The story of Tarzan is familiar to millions of readers and movie fans all over the world. In addition to the original narrative (Tarzan of the Apes), more than 20 subsequent Tarzan books by Edgar Rice Burroughs fleshed out the story and concomitantly the parameters of what is ultimately a myth, mainly, but not exclusively set in Africa. The paradox about this myth is that, in the course of his adventures, Tarzan emerges, first, as the “Lord of the jungle” – that is, a powerful, respected as much as feared adventurer and owner of an estate on the East coast of Africa, who acts (in quasi-feudal fashion) as defender of those people and animals who look to him for protection from unscrupulous exploiters of Africa and its resources.

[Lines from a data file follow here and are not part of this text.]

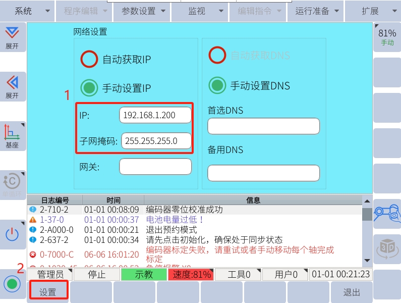 第一步-網(wǎng)線連接-機(jī)器人與PC通過網(wǎng)線連接(機(jī)器人連接接口為FB1口,通過交換機(jī)中轉(zhuǎn)也可以實(shí)現(xiàn))
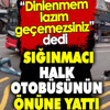 Bacak bacak üstüne atan, ellerini başının altına koyan ve oldukça rahat tavırlar sergileyerek izleyenleri çileden çıkaran sığınmacı; kendisine tepki gösterenlere ise "Dinlenmem lazım, geçemezsiniz" dedi.
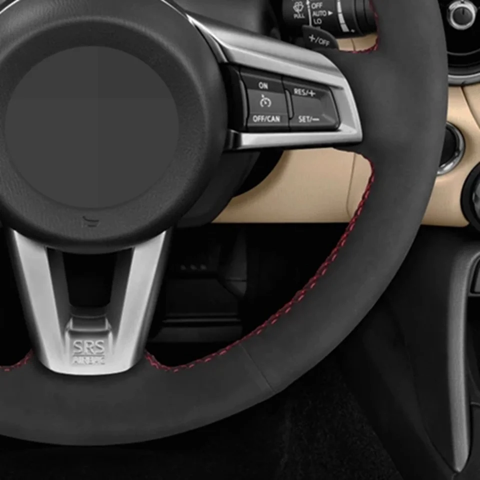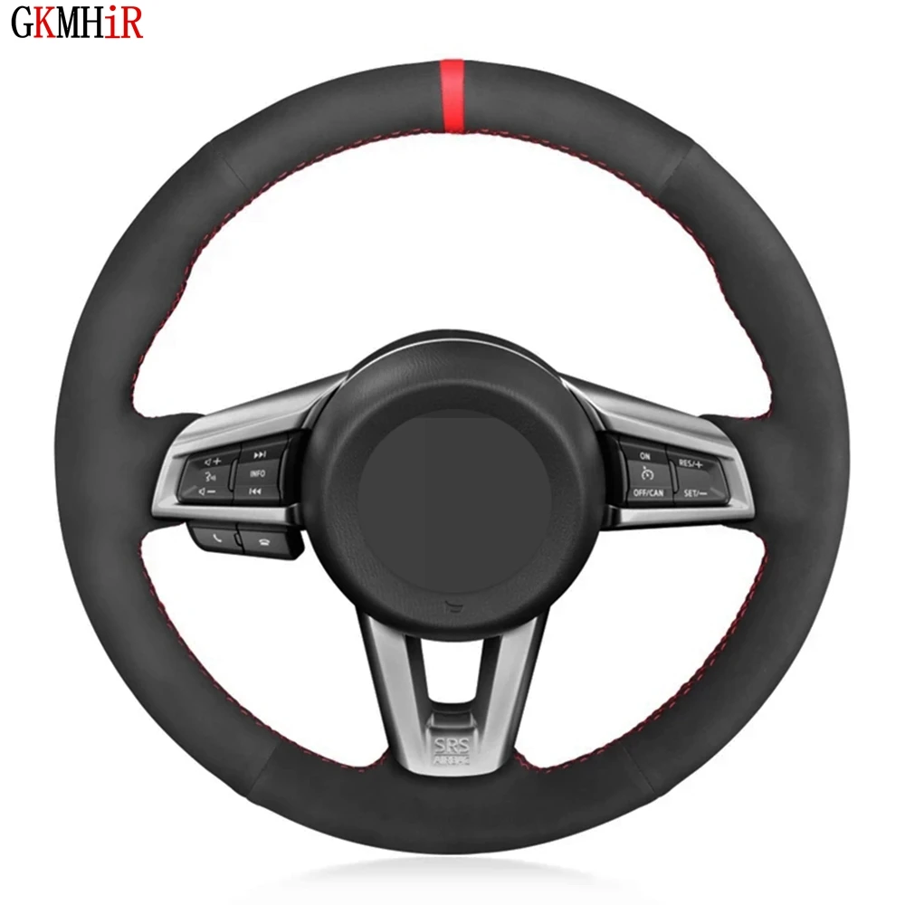 Прошитая вручную мягкая черная замша из натуральной кожи для Mazda чехол рулевого колеса автомобиля MX5 2016 2017 2018 2019
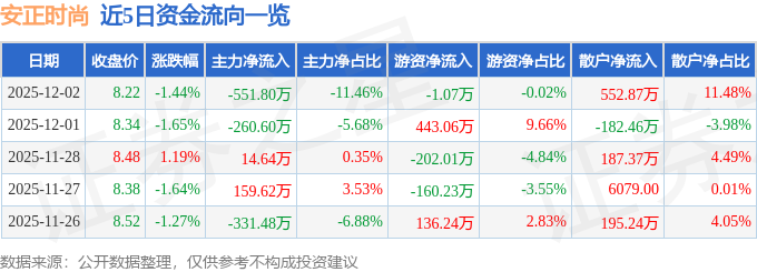 证券之星消息,截至2025年12月2日收盘,安正时尚(603839)报收于8.22元,下跌1.44%,换手率1.5%,成交量5.85万手,成交额4813.97万元。
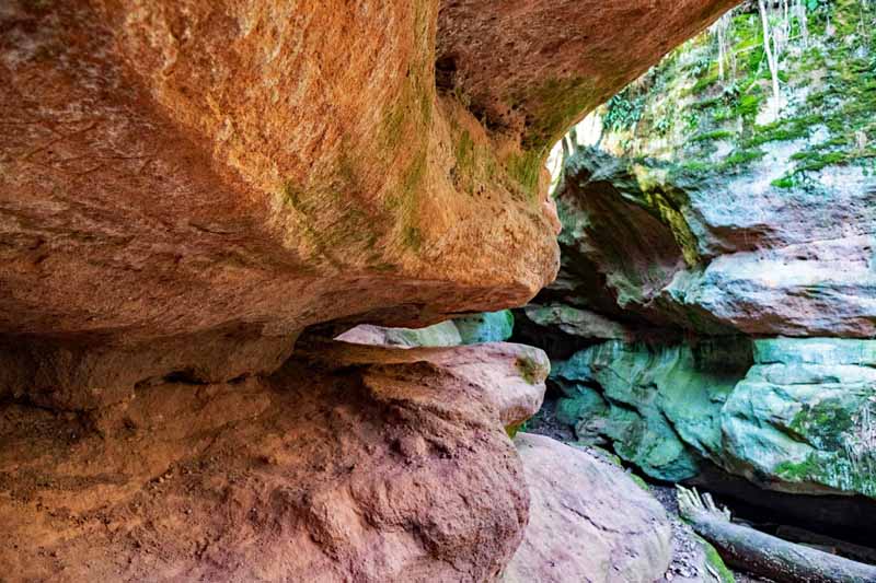 Über 15 Meter ragen die bizarren Felsformationen in den Himmel auf einer Länge von rund 50 Metern. In den Felsen sind unzählige kleine Höhlen und Unterwaschungen zu finden. Wer genauer hinsieht, kann auch die unterschiedlichen Sedimentstrukturen erkennen. Inzwischen sind große Teile des grobkörnigen Sandsteins mit einer dicken Schicht Moos überzogen, die vor allem in den Frühlings- und Herbstmonaten zu leuchten scheinen.
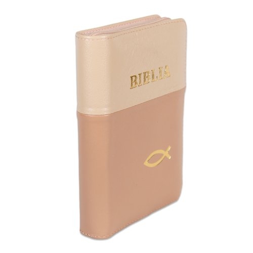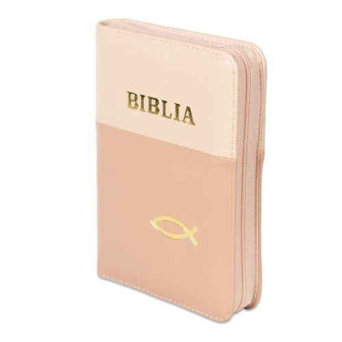 Biblia format mic, din piele, culoare crem cu cappucino,dex, fermoar, margini argintii, simbol cu peste, cuv. lui Isus in rosu [047 PFI]
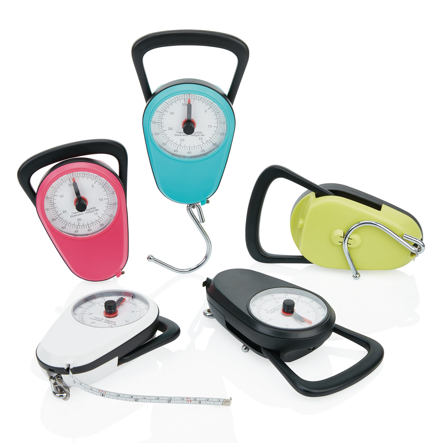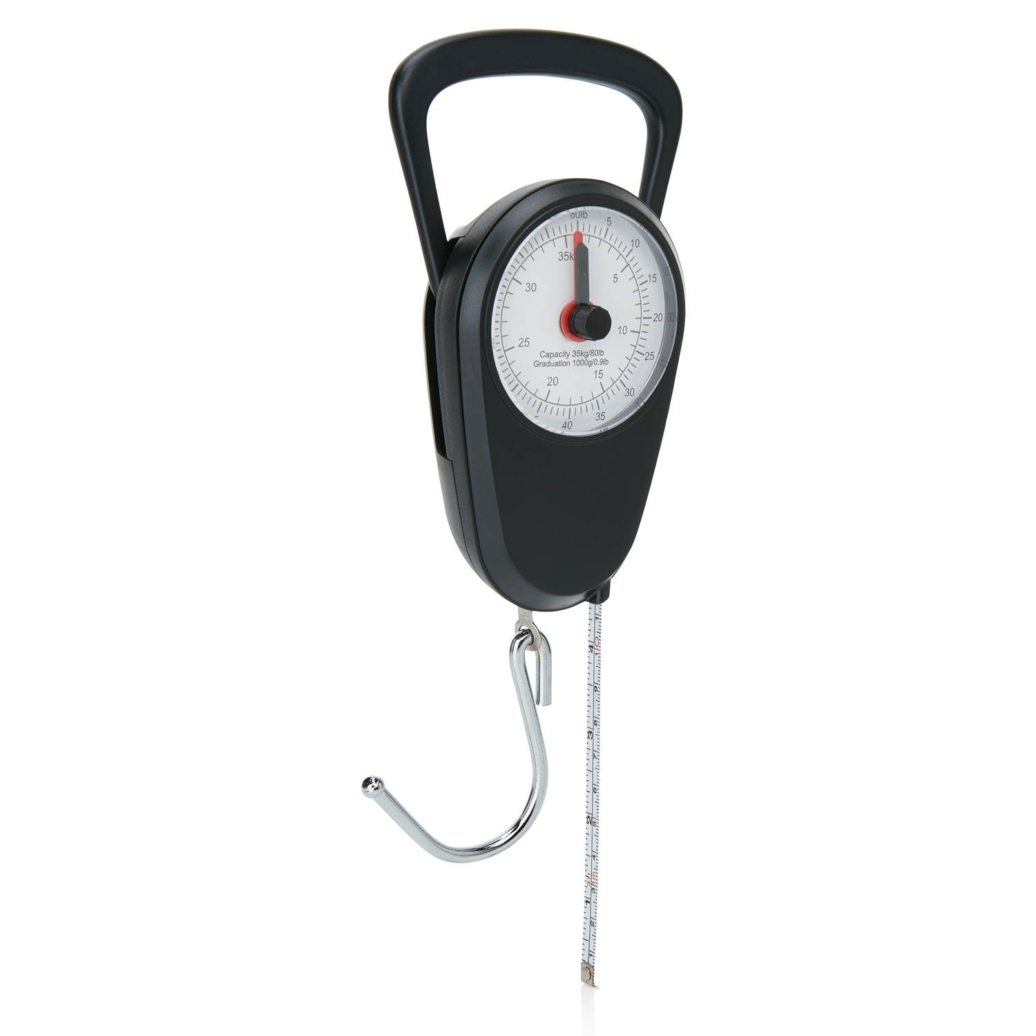 Весы для багажа в корпусе из ABS-пластика с металлическим крюком идеально подходят для путешествий. Максимальный вес 80 lb или 35 kg. В корпус весов встроена рулетка с измерительной шкалой в дюймах и сантиметрах.

However, he is also the caring husband to Jane and father to Jack, or, as he becomes known later (after appropriating his place as son of Tarzan), Korak. The Greystoke family spend most of their time on their African estate because Tarzan prefers not to live in the cities of western civilization. There is a tension, therefore, in the figure of Tarzan – an ambivalence regarding his paternalistic (and patrician) protector-status vis-à-vis Africa and its inhabitants, on the one hand, and his chosen distance from London, where he has a seat in the House of Lords. This is a conflict between Tarzan, mythical Lord of the jungle, which, while ruling over it, he nevertheless valorizes, and (not unconnected with this) Tarzan, critic of effete, corrupt civilization which, while representing it as English nobleman, he yet despises. There is plenty of evidence in Burroughs’s Tarzan books for both of these ambivalently related positions.

This image is established in the original Tarzan narrative by his ability, due to his superior intelligence, to compensate for his comparative physical shortcomings in his dangerous jungle-life among the apes. In Tarzan of the Apes (p. 86), Burroughs emphasizes this superiority: “But there was that which had raised him far above his fellows of the jungle – that little spark which spells the whole vast difference between man and brute – Reason. This it was which saved him from death beneath the iron muscles and tearing fangs of Terkoz.”

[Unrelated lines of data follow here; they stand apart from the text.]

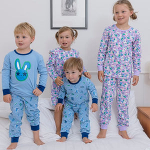 Milky Clothing Rascal Bunny PJs bring all the fun for bedtime. The top features a bold bunny graphic on a surf blue base, perfect for little personalities who like to hop to their own beat. Made for cool nights and cosy cuddles, this set includes a long sleeve top and stretchy waistband pants in a playful all-over print featuring cheeky bunny motifs. Designed in a soft, breathable cotton blend for all-night comfort (and early-morning giggles).
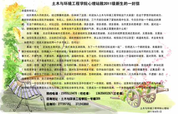 为了让刚刚进入陌生环境的新生更好的融入大学生活,学会面对和处理在适应新环境中的可能产生的各种情绪和心理困惑,土木与环境工程学院心理站给全体2011级新生写了一封温暖的欢迎信。
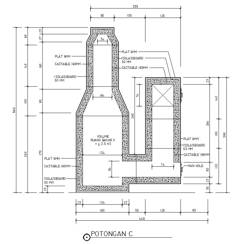 Cross section C of the incinerator structure in detail AutoCAD 2D drawing, CAD file, dwg file
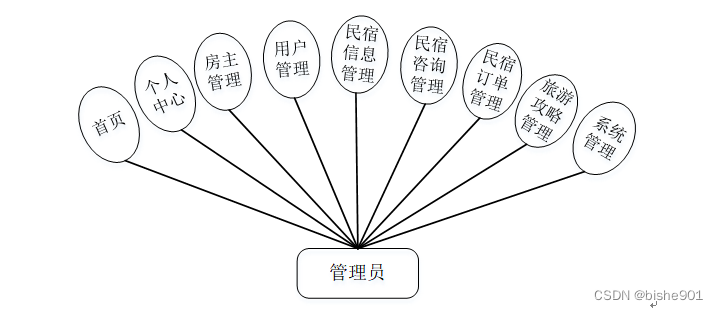 (4)管理员通过系统对可以实现网站系统管理,主要包括首页,个人中心,房主管理,用户管理,民宿信息管理,民宿咨询管理,民宿订单管理,旅游攻略管理,系统管理等功能。管理员模块用例图如图3-4所示。
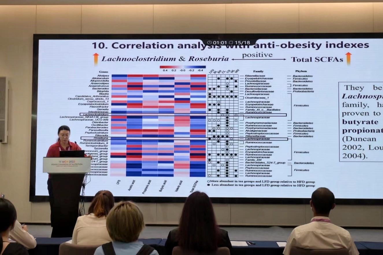 刘建辉老师受邀参会并在大会上作了题为《Mulberry anthocyanins prevent obesity by alleviating hepatic steatosis and modulating gut microbiota in mice》的大会专题报告。刘老师在报告中向大家介绍了桑葚和蔓越莓中的花青素提取物对体重和肠道菌群的影响。分析表明,桑葚和蔓越莓花青素提取物可以降低血浆脂多糖的浓度,同时降低里克氏菌的相对丰度,可通过调节肠道菌群进而影响其代谢产物如脂多糖和短链脂肪酸的含量,从而有效控制体重。
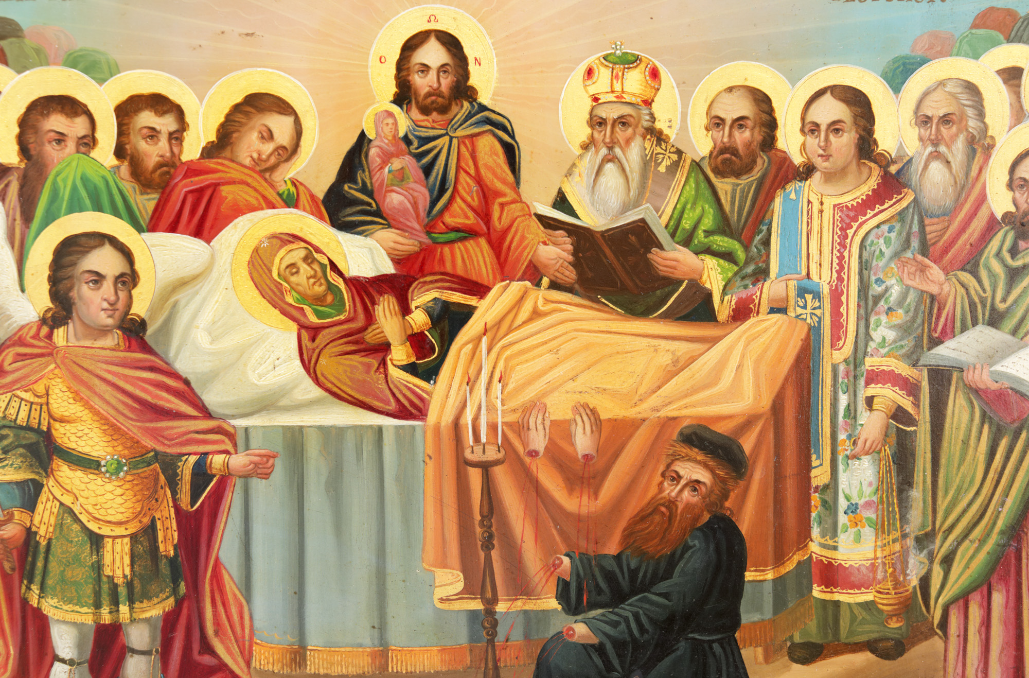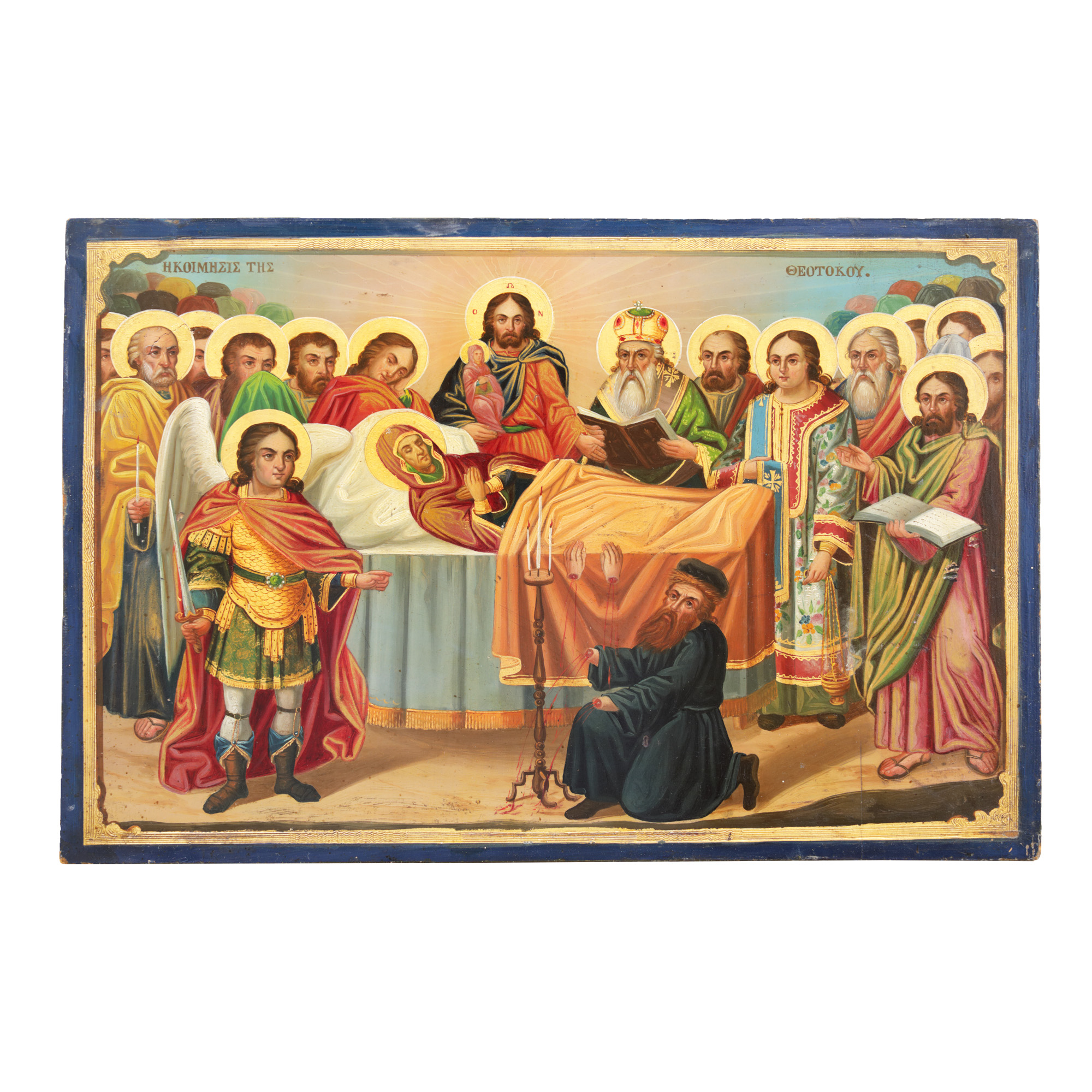 180. Icoană pe lemn, ”Adormirea Maicii Domnului”, școală românească, jumătatea sec. XIX

Interestingly, Burroughs’s overriding criterion – always underpinned by his belief in Darwinian evolution – for assessing cultural or racial compatibility between Tarzan and others seems to be intelligence and shared interests, or the degree to which this intelligence has enabled people to rise to reciprocal respect above petty hatreds and suspicion. The following excerpt from Tarzan and the Jewels of Opar (p. 158) is a case in point, where Tarzan and Jane are pictured returning from a hunt in the company of members of the Waziri tribe and a black man called Mugambi (who comes from a different people):

“Lord and Lady Greystoke with Basuli and Mugambi rode together at the head of the column, laughing and talking together in that easy familiarity which common interests and mutual respect breed between honest and intelligent men [sic] of any races.”

This is not to overlook the thorough ambivalence of Tarzan as ape-man, simultaneously savage beast AND English nobleman – an embodied oxymoron, as shown in this passage (p. 95): “Above him poised the savage brute that was today bent upon the destruction of a human life – the same creature who a few months before, had occupied his seat in the House of Lords at London, a respected and distinguished member of that august body.”

The ambivalence in his character is further emphasised by the fact that Tarzan is depicted as being superior to the other inhabitants of the jungle, but that he simultaneously directs relentless criticism at western culture because of its distance from nature. As “savage brute” Tarzan is part of nature, and as English Lord he is part of civilization. At least, this is what we are led to believe. But a moment’s reflection yields the insight that the very thing which separates Tarzan from other jungle creatures, namely so-called divine reason, is also that civilizing force that is indispensable to culture and human society, and which ultimately leads to the civilized conditions detested by the ape-man. Hence, instead of being wholly natural, even in his jungle habitat, or being wholly civilized, even in his ancestral England, Tarzan is a strange, ambivalent being indeed – both natural (instinctual, unspoilt) and civilized (rational, capable of critique) at the same time.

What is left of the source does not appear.